My plan was from here to head down to New Orleans for the night, then begin around the gulf coast to Texas. However, there seems to be talk of a little hurricane brewing off the coast which is already causing problems for some of the island nations. It's not expected to make landfall in the New Orleans area until Monday, but already there is talk of a mandatory evacuation of the area. This is quite unfortunate, but really I'm not sure what I was expecting at the height of hurricane season. I'm still evaluating the situation, but I'm leaning towards heading down and checking it out. I'm still a good few days away from the Monday target, at which time I should be in Austin anyways. We'll see how things pan out.

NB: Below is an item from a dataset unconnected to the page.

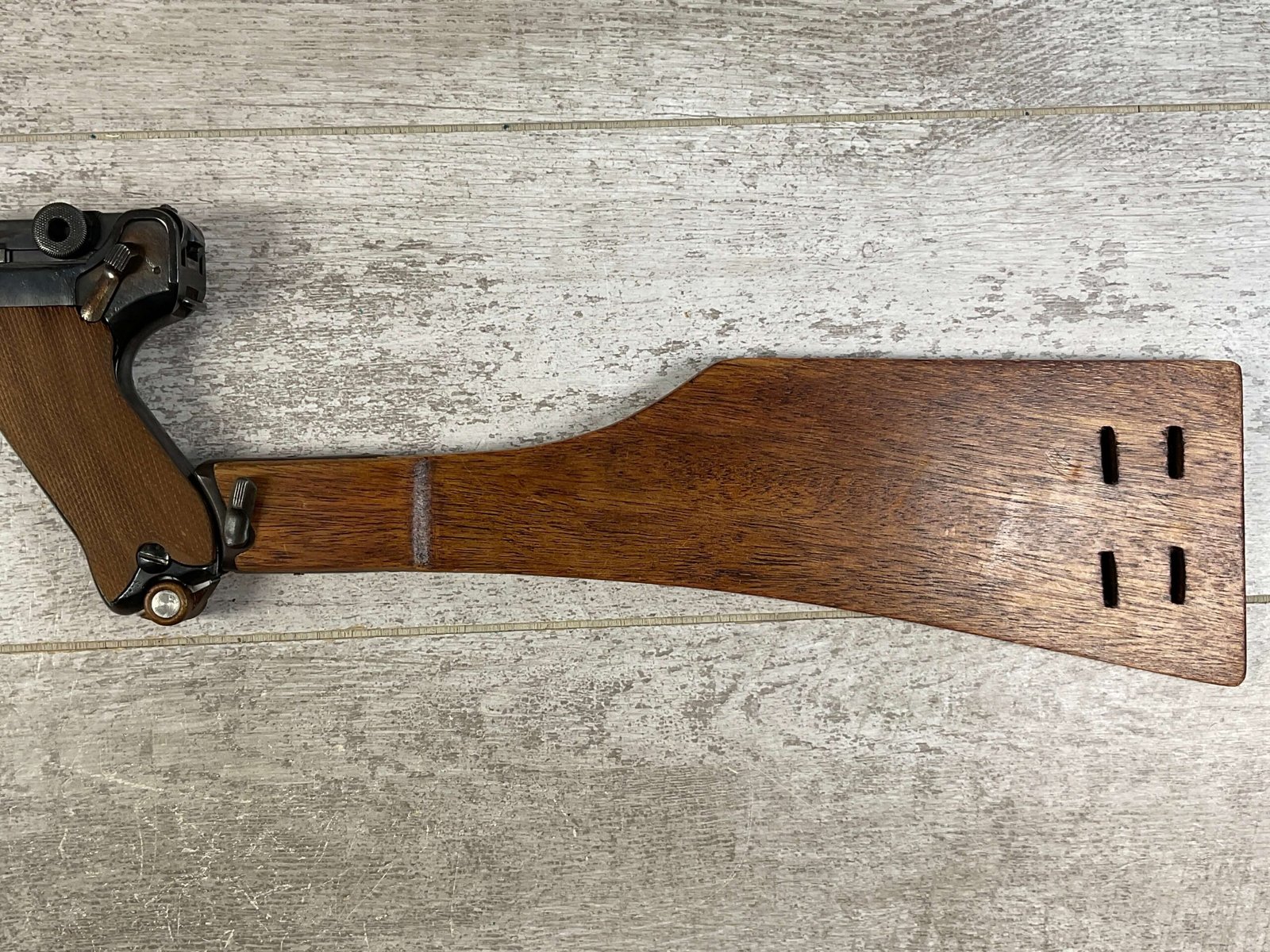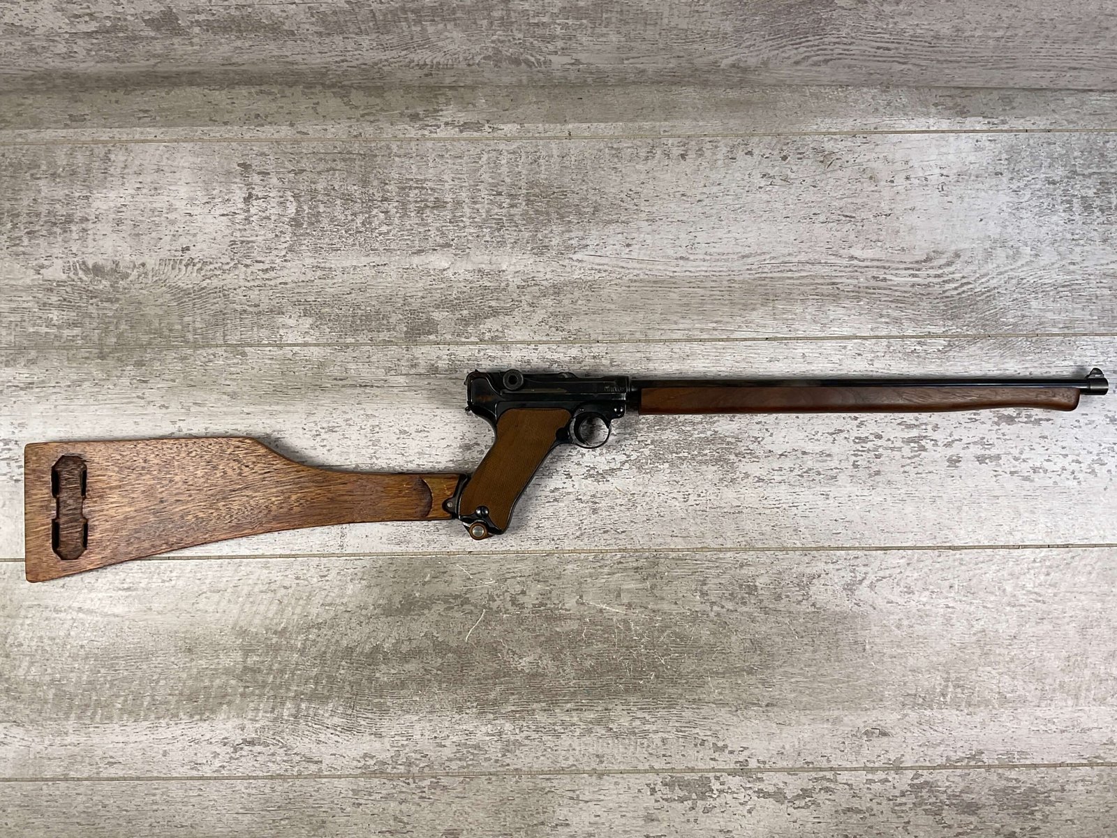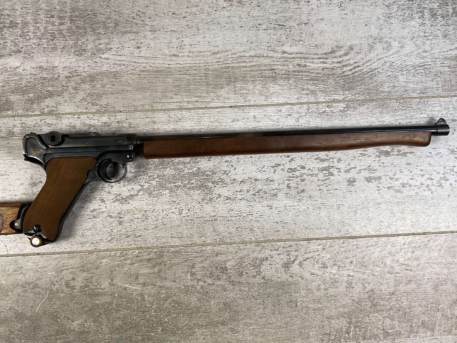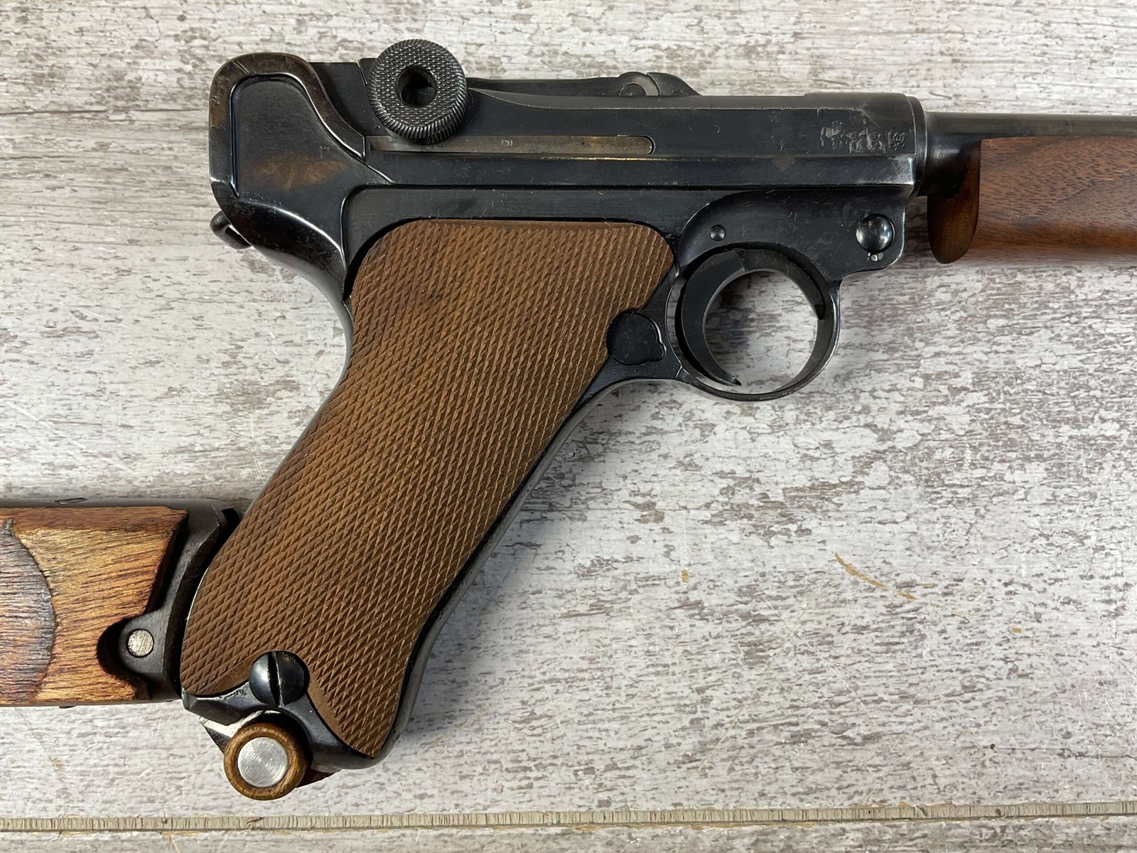 ERFURT LUGER P08 1920 9MM CARBINE SEMI AUTO PISTOL, JAMES EARL JONES COLLECTION #7851c, 16.25″ BARREL, EXC MINTY BORE & RIFLING, 70% REBLUE CONDITION, EXC REPRO GRIPS, VG UNMARKED STOCK, EXC EARLY SWISS MAGAZINE, CONDITION AS SHOWN IN PICTURES, FROM THE JAMES EARL JONES “FAVORITES” COLLECTION W/ CERTIFICATE OF AUTHENTICITY.

Weather status: Holy hell, I am now beginning to get a better understanding of what true humidity is like. Also it seems to bring out the insects in Biblical numbers at night. Gross.
Distance conquered: ~7200 miles
Recent listenings include:
I Can Make a Mess Like Nobody's Business - Self Titled
The Kooks - Inside In/Inside Out
The Starting Line - Based On a True Story
More Science Friday podcasts (I'm beginning to see why my iPod is full, I have hundreds of these things, each one upwards of 40 minutes in length)


g said...

dude! that hurricane is some serious business. cnn has a picture of everybody evacuating on the highway today. i dunno if you want to be there man... that place is ghetto enough when all the people who can afford cars ARE there... when they all leave.... oy. haha.

i might suggest checking out vicksburg and going on the natchez trace... its a pretty drive and you will see some nice antebellum homes. i dunno what to do about driving to avoid the hurricane though... its supposed to hit somewhere between LA and TX, which screws up your plan of attack significantly, eh?

memphis sounds cool, i wanna see it now.

Stuart said...

Another trick with hotel room security is to check under the bed... and watch out for highly polished reflective bed frames

Rory said...

What are you supposed to do if there's someone under your bed!? Beyond messing yourself.

g said...

holy crap dude! stay out of New Orleans! They are evacuating the whole town!

colin douglas said...

Hahaha...oh man I remember that particular bed. Hilarious. And don't worry about the new orleans thing, read the new blog forthcoming.